A novel machine learning-based spatialized population synthesis framework

Abstract

Synthetic populations are increasingly required in transportation demand modelling practice to feed the large-scale agent-based microsimulation platforms gaining in popularity. The quality of the synthetic population, i.e., its representativeness of the sociodemographic and the spatial distribution of the real population, is a determinant factor of the reliability of the microsimulation it feeds. While many research works focused on improving the sociodemographic accuracy of synthetic populations, the quality of their spatial distribution remained less covered. This paper suggests a new explicitly spatialized population synthesis framework. It leverages the performant Clustering Large Applications (CLARA) and Random Forest algorithms as well as rich spatial information collected as part of surveys to make accurate predictions of synthetic households’ locations at the building scale directly. In addition to preserving optimal sociodemographic accuracy and achieving realistic explicit spatialization, the new framework shows acceptable transferability thanks to CLARA’s efficiency.
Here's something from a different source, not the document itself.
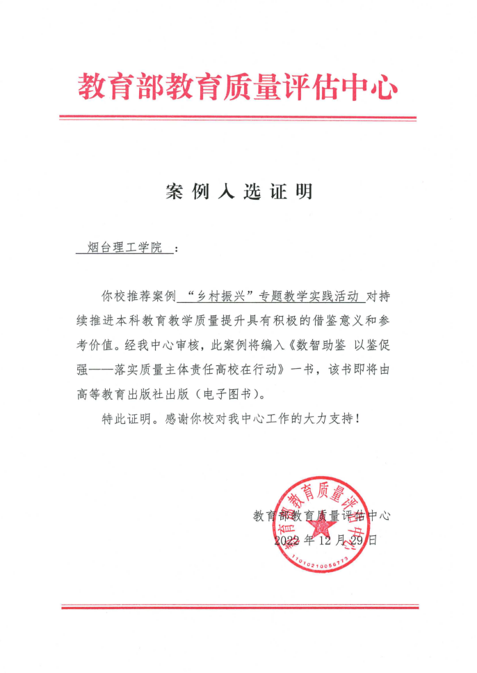 12月29日,烟台理工学院推选由建筑工程学院编写的“乡村振兴”专题教学实践活动入选教育部教学质量评估中心《全国普通高校本科教育教学质量报告》征集案例,此案例将入编《数智助鉴 以鉴促强——落实质量主体责任高校在行动》一书,该书即将由高等教育出版社出版(电子图书)。

An explicitly spatialized synthetic population for Montreal Island is generated using the proposed clustering + classification framework. The four components of the proposed framework have generated satisfactory results with the zonal synthetic population established showing a 2.85% average relative error, the building clustering selected having a 0.48 average silhouette width, the classification model achieving a 0.79 macro-average F1 score, and 78.9% of the synthetic households being assigned to their preferred building cluster.